Presentation on theme: "CASH HANDLING PROCEDURES October 15, 2014. What is “Money”? Money refers to cash, checks, money orders, or cashier’s checks. Organization established."— Presentation transcript:
What is “Money”? Money refers to cash, checks, money orders, or cashier’s checks. Organization established to aid students, not for personal gain.
Receiving Money Receive and count money while in the presence of the person submitting the funds. Receipt issued noting the following information: Type: Cash, Check, Money Order or Cashier’s Check Date of Receipt Name of the person and/or organization submitting the funds Clear Signature of the person receiving the money
Receiving Money Both parties should retain copy of the receipt White copy – person submitting money Yellow copy – attached to deposit slip as back up Pink copy – stays in receipt book Any checks received should be restrictively endorsed immediately. Post dated checks should not be accepted, regardless of the source Checks, Money Orders and Cashier’s Checks should be recorded in the receipt book, even if received via mail.

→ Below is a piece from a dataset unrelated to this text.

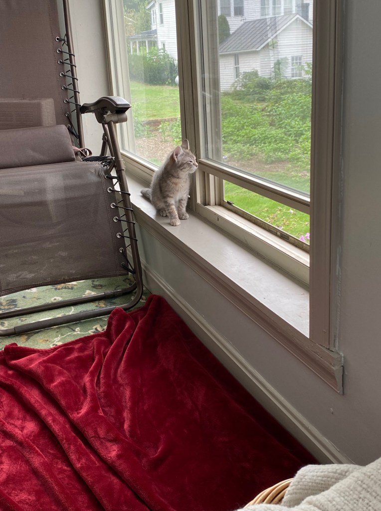 Here’s the thing, though—I’m pretty sure I basically stole this cat. Her actions and her desire to get outside make it clear she lives outside a lot. So, my best guess is she’s somebody’s cat and they let her run amuck in our little town. Of course, I will return her to her people, but I also feel pretty confident I’m going to see her squished on the road one day.

Receiving Money Never leave people alone with money. At least 2 people sell tickets At least 2 people count the money at the end of the event (Any transaction that requires the handling of money, requires at least 2 people) After money is counted, each person signs the deposit form(s) and puts it in a locked bag/box for the treasurer. Use tickets for cash events. Issue a ticket to every person who attends. This makes it easier to count how many people came through the door and to project how much cash should be collected.
Recording & Depositing Money Prior to depositing money, at least 2 people should have counted the money All money must be delivered to the treasurer to deposit funds daily. Receipts should be reconciled with all money turned in and deposited.
Recording & Depositing Money Money received should only be deposited in the Parent Organization’s account. Deposit slips should be retained and reconciled monthly to the account Receipts should be promptly recorded in the Parent Organization’s transaction register.
Safeguarding Money Do not keep money in unsecure locations Tupperware container Unlocked drawer Unlocked filing cabinet Vehicle Do not store the records of the money received (i.e., receipts, copies of checks) in the same place as the money.
Safeguarding Money Money received and not yet deposited should not be used for purchases, check cashing, loans, advances, reimbursements or any other purpose. All unused checks should be kept safe and secure at all times. “Blank” checks should never be issued and checks should never be pre-signed.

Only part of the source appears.